_HOW TO COMPLETE THIS TASK_
Each line below needs to be returned exactly. Skip any picture.
----------------------------------------
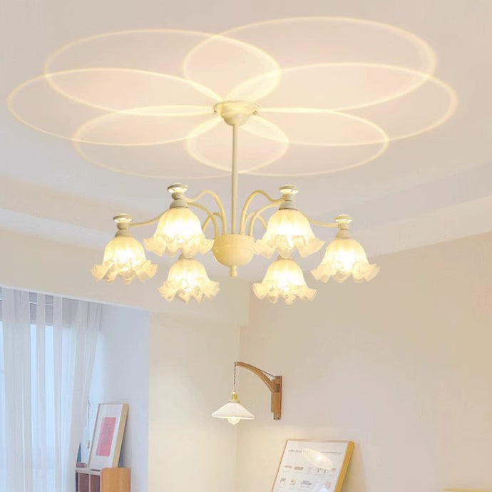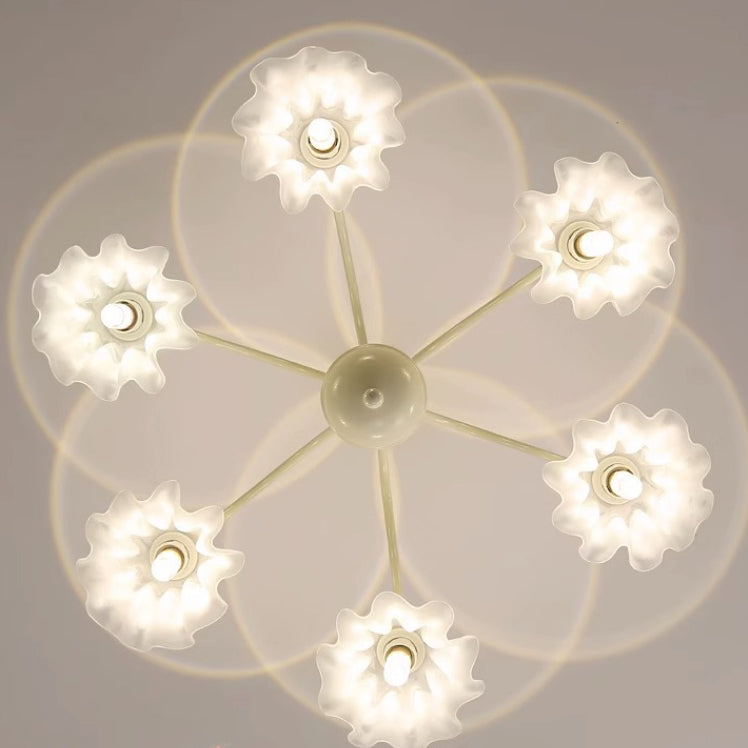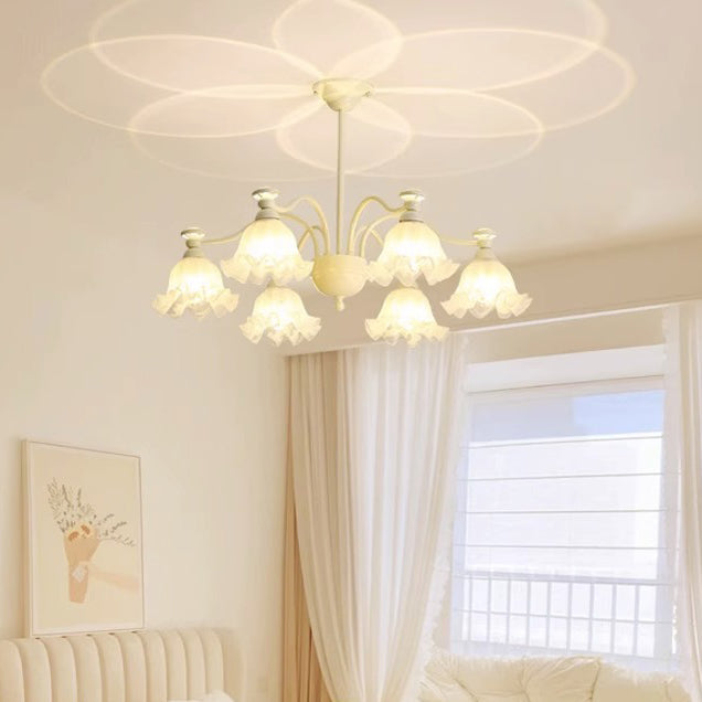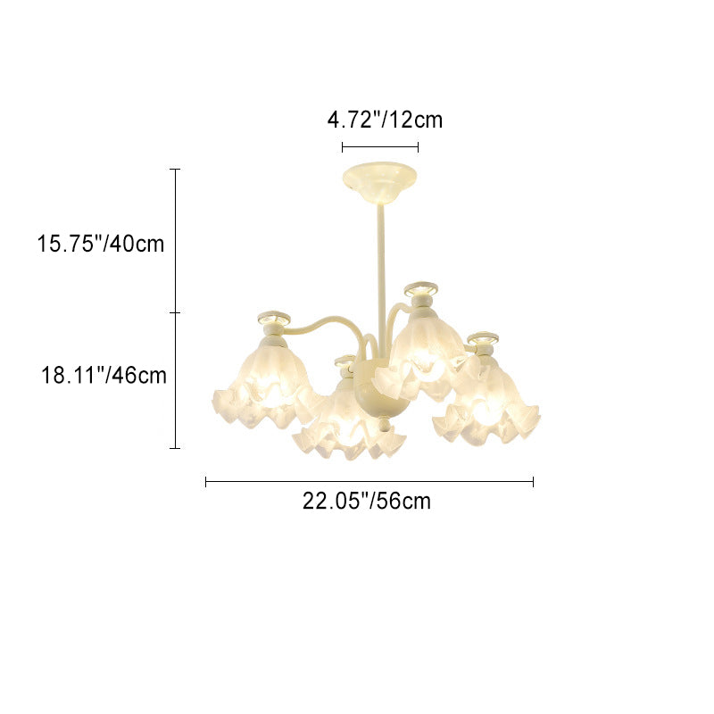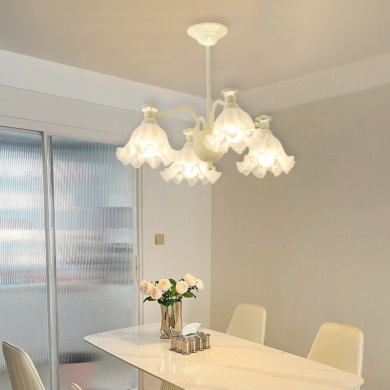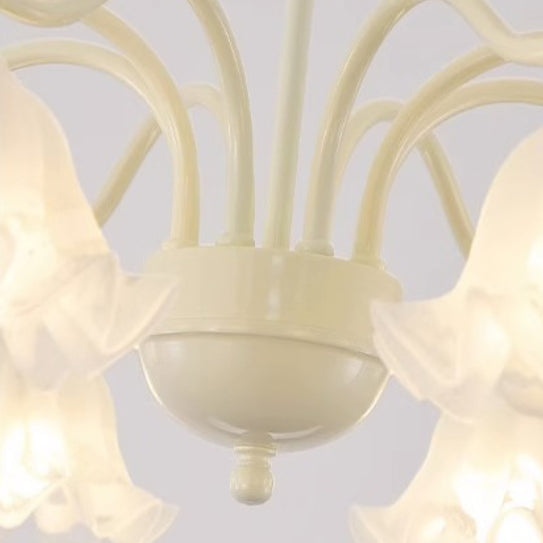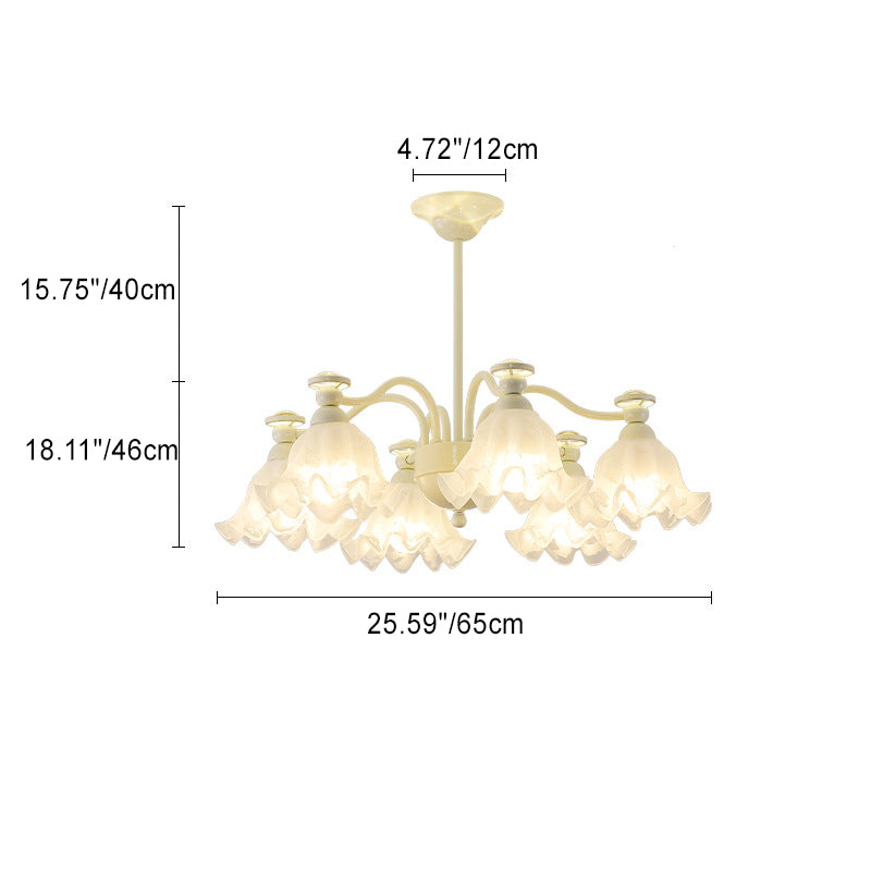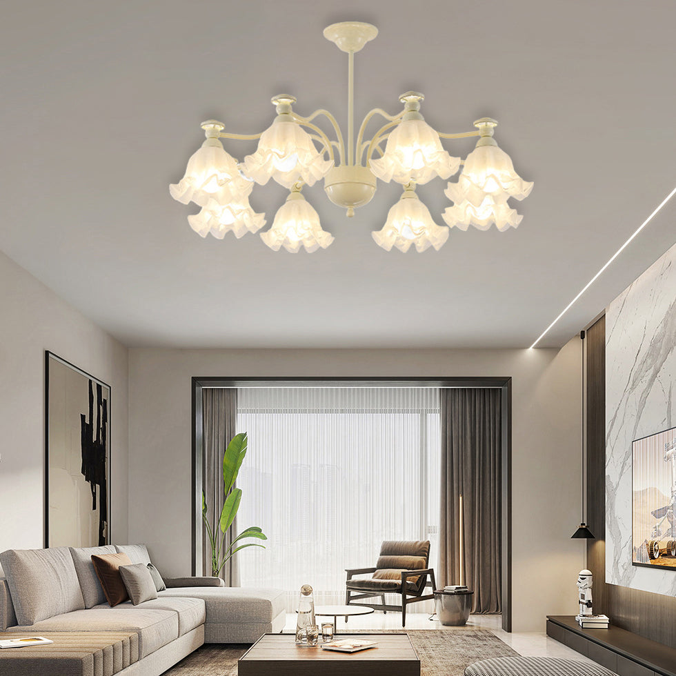 Traditional French Iron Glass Flower 4/6/8 Light Chandelier For Living Room
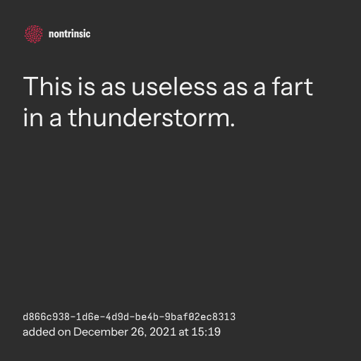 поделитьсяThis is as useless as a fart in a thunderstorm.
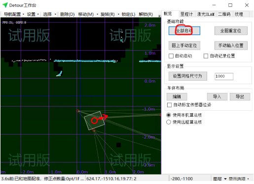 注意:如果在关闭Detour后移动机器人,启动后应使用“全局重定位”或“图上手动定位”来获得初始位姿。
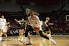 Ball State junior guard Karsyn Norman plays defense on her opponent Feb. 28 at Worthen Arena. Kaibre ...
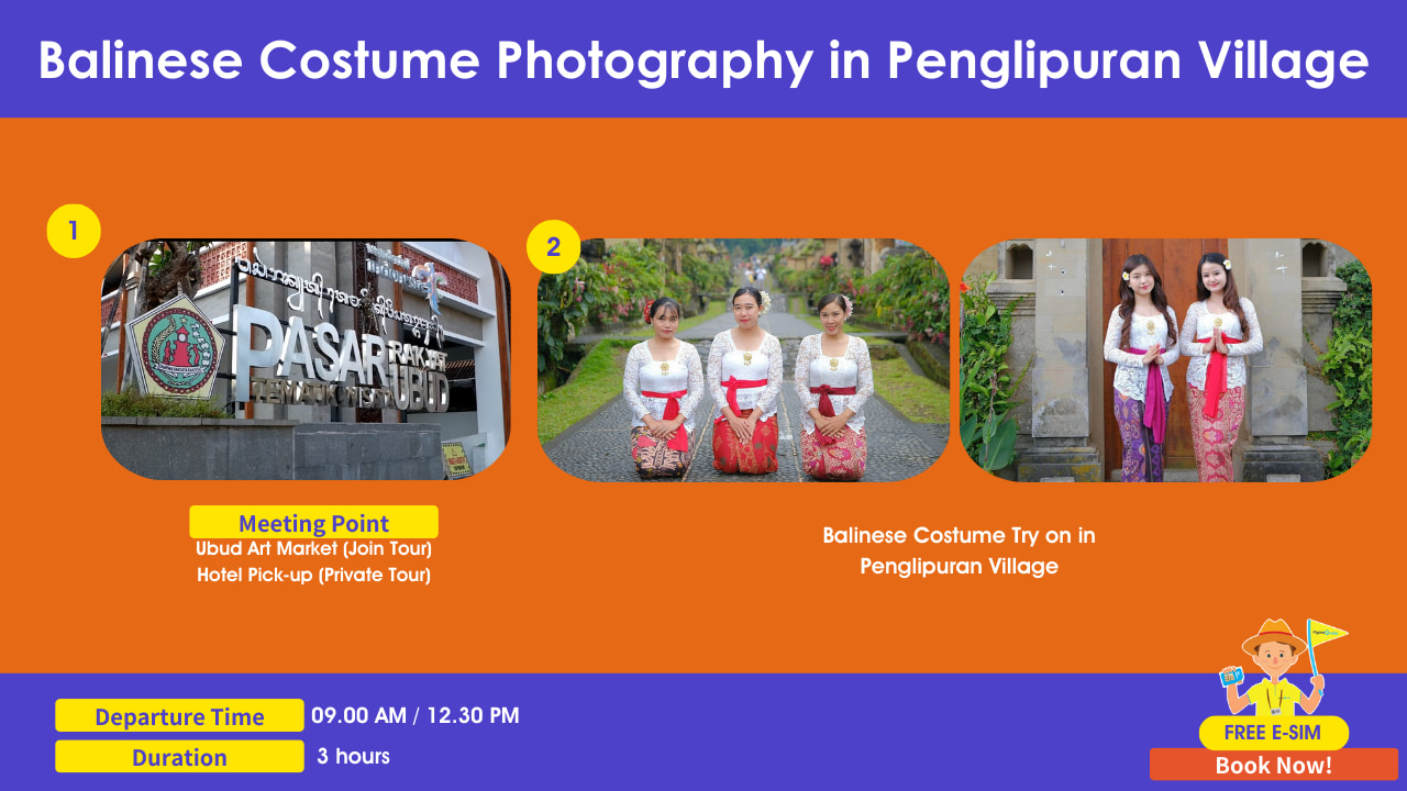 從古老的村莊傳統到寧靜的自然聖地,峇里島的故事由文化、靈性以及與大自然的和諧交織而成。在友善的當地導遊帶領下,漫步於峇里島最傳統的村莊之一「彭利普蘭村 (Penglipuran Village)」,並換上道地的峇里島服飾,享受真正沉浸式的體驗。加碼好禮:免費租借峇里島服飾為何選擇我們?✅ 獨特的文化與自然融合體驗✅ 寧靜且值得拍照留念的神聖景點✅ 多語系當地導遊提供深入淺出的故事解說✅ 適合獨行旅客、朋友與家庭
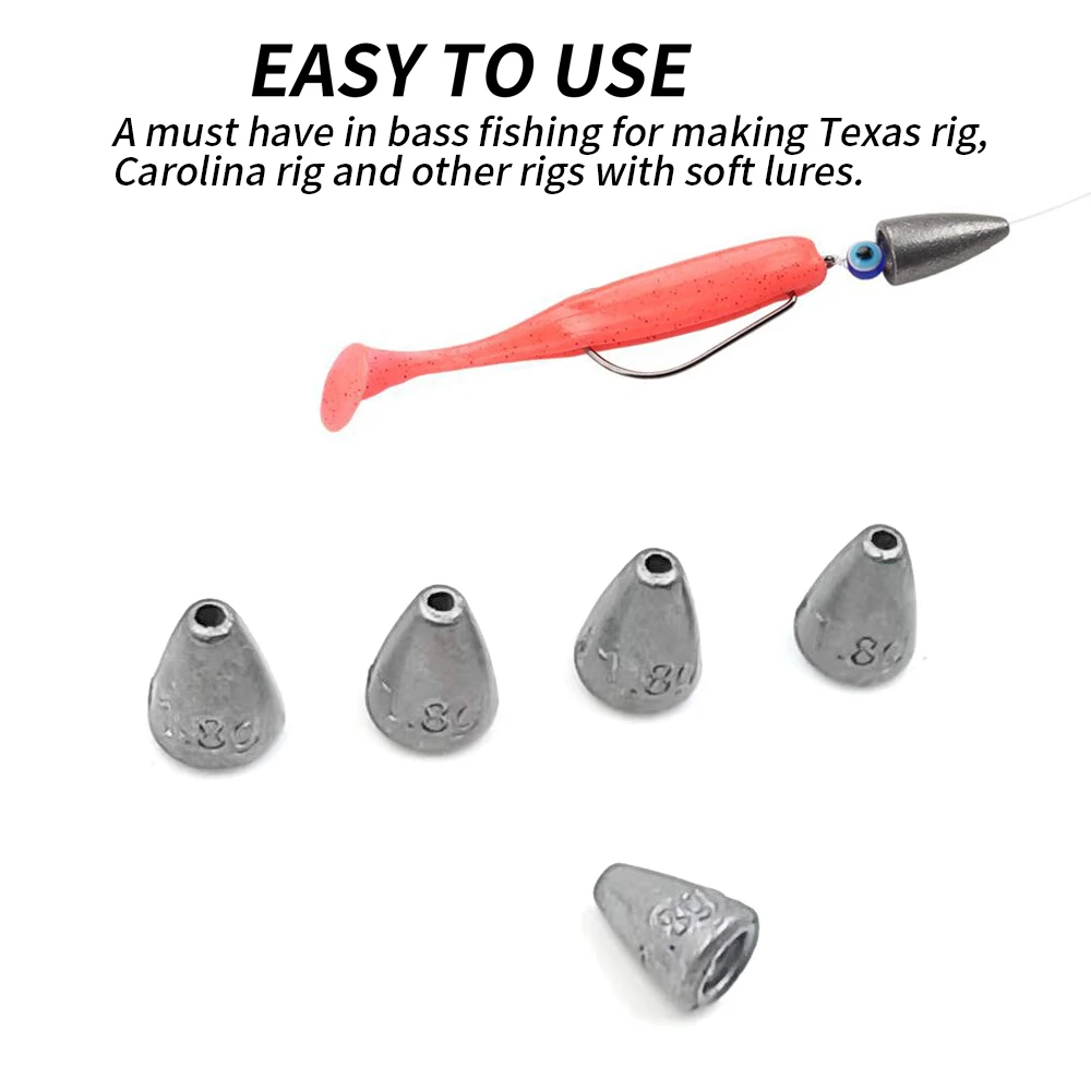 FÁCIL DE USAR: buenos pesos con un agujero para atar fácilmente. El peso de la bala de pesca puede ser ampliamente utilizado para componer diferentes tipos de jigs de pesca. Estos plomos de pesas de agua salada funcionarían perfectamente en hundimiento con menos resistencia, caída al agua de tiro rápido que se hunde en el área de uso del agua.
----------------------------------------
_OUTPUT OF THE EXERCISE_
 Traditional French Iron Glass Flower 4/6/8 Light Chandelier For Living Room
 поделитьсяThis is as useless as a fart in a thunderstorm.
 注意:如果在关闭Detour后移动机器人,启动后应使用“全局重定位”或“图上手动定位”来获得初始位姿。
 Ball State junior guard Karsyn Norman plays defense on her opponent Feb. 28 at Worthen Arena. Kaibre ...
 從古老的村莊傳統到寧靜的自然聖地,峇里島的故事由文化、靈性以及與大自然的和諧交織而成。在友善的當地導遊帶領下,漫步於峇里島最傳統的村莊之一「彭利普蘭村 (Penglipuran Village)」,並換上道地的峇里島服飾,享受真正沉浸式的體驗。加碼好禮:免費租借峇里島服飾為何選擇我們?✅ 獨特的文化與自然融合體驗✅ 寧靜且值得拍照留念的神聖景點✅ 多語系當地導遊提供深入淺出的故事解說✅ 適合獨行旅客、朋友與家庭
 FÁCIL DE USAR: buenos pesos con un agujero para atar fácilmente. El peso de la bala de pesca puede ser ampliamente utilizado para componer diferentes tipos de jigs de pesca. Estos plomos de pesas de agua salada funcionarían perfectamente en hundimiento con menos resistencia, caída al agua de tiro rápido que se hunde en el área de uso del agua.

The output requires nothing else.